THE BLOG
05/31/2010 05:12 am ET | Updated May 25, 2011

Customer Channel Intensity

We all recognize that a total channel, total relationship, total profitability view of the customer is essential moving forward for retail banking. So the question becomes how to collate that data organizationally. Until you lift the hood and see all this data, then it's just too hard to really know where revenue lies.

As I'm speaking to more and more banks about BANK 2.0 a glaring realization is coming together. I think this has to be a core role with the bank moving forward - why? Because this is what someone needs to tell management for them to get it right.

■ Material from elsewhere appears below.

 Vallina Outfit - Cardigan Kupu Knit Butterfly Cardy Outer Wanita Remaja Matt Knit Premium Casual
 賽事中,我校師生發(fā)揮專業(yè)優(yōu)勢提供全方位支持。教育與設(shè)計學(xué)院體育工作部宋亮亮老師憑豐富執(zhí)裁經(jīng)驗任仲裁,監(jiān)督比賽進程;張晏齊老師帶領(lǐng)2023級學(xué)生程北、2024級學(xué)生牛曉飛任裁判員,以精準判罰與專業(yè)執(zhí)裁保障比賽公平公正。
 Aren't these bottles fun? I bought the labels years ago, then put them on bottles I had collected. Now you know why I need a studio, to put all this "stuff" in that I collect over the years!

Right now today I believe that in most developed economies if we properly measured Internet as a channel we'd find that it contributes on a par with Branches in respect to revenue. Internet is the primary day-to-day channel for almost half the retail bank's customers today.

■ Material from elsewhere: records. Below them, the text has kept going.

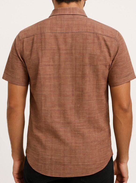 Rustic woven casual shirt, Rust brown woven-texture shirt with button-down front and short sleeves, perfect for smart-casual wear.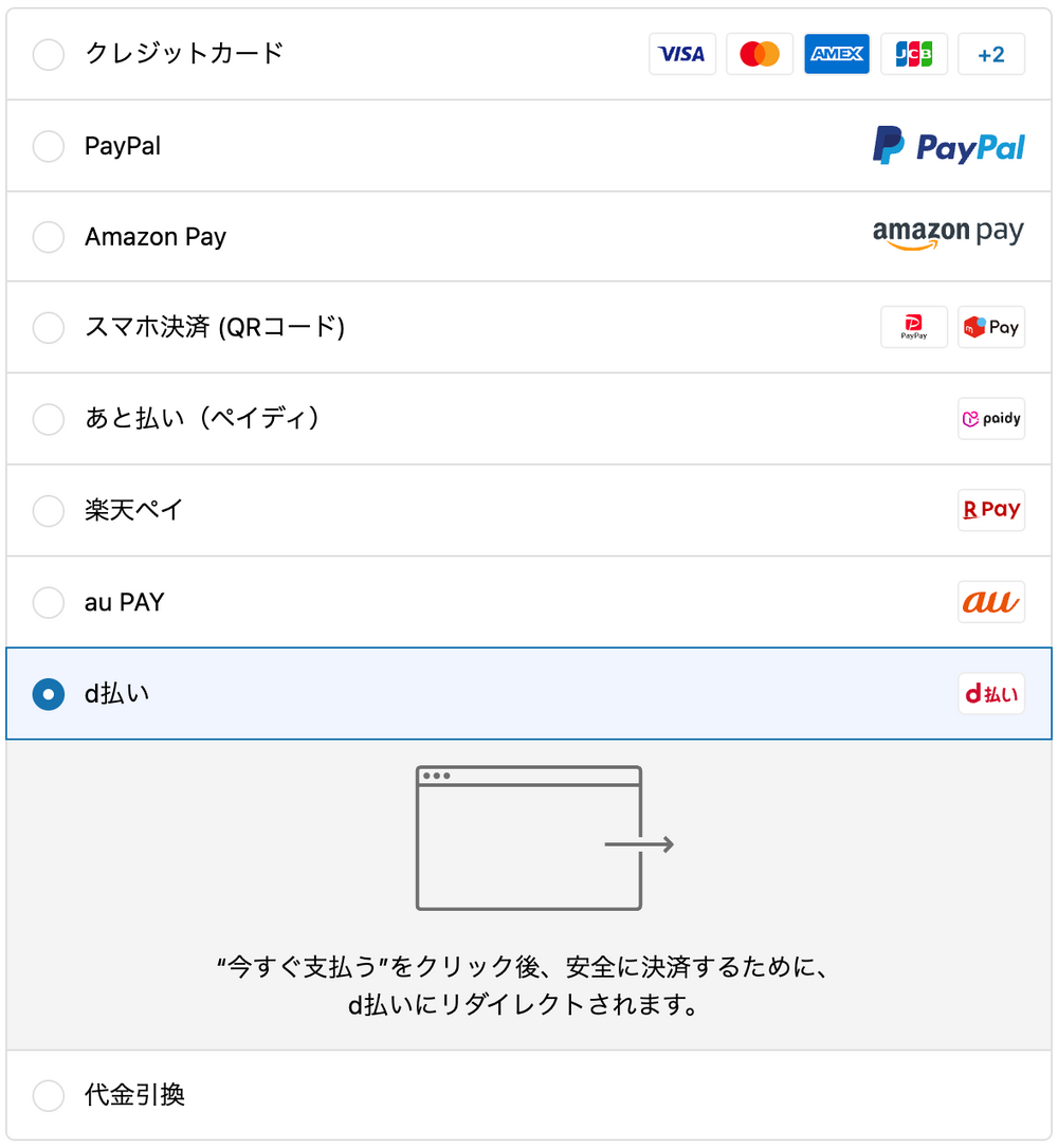 d払いのアプリまたはサイトに移動し、d払いを利用して簡単にお支払いいただく決済方法です。※お支払い時、d払い残高不足にてお支払いが行われなかった場合、カートから再度お支払い手続きをお願いいたします。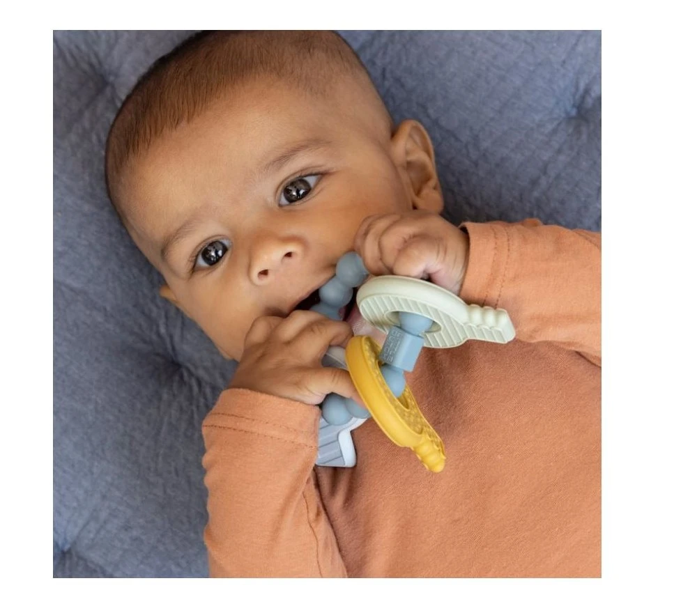 Un coloratissimo dentaruolo per la dentizione in silicone dalle forme e texture diverse, per stimolare i sensi dei più piccoli e alleviare i fastidi della dentizione. Da 4 mesi in su.

My argument is as follows. Let's take a product like mortgages - in the USA, UK, Hong Kong, Singapore, Australia, Malaysia or similar with 70-75% internet penetration. Most people would be doing their primary product research on the web before committing to a mortgage. In some cases they might actually apply online, but even if they don't apply online they are still doing the bulk of their research online then they'd call to make an appointment or use an online enquiry form, etc. The key component of the sales process has really happened outside the branch (i.e. the 'hook'), but in the end it's likely that a bunch of sales get recorded as 'branch' revenue when actually the lead was generated online. Same with credit cards, life insurance, etc.

Now, internally as a bank we tend to have revenue as a key measure because it directly effects profit and therefore EPS (Earnings per share). What we look from a financial metrics perspective is what Branch A, Product B and Direct Channel C did month-on-month as a comparison of relative performance over time. We look at revenue for product as a whole, we look revenue for the channel as a whole, but I don't believe banks generally have a clear picture of how customers engage for a product 'journey' and where the revenue is really coming from. Additionally, we probably have a fair idea on transaction traffic per channel, but do we know how that traffic has changed over the last 2-3 years? What is the pattern? Can we predict more accurately where customers will be going in the future.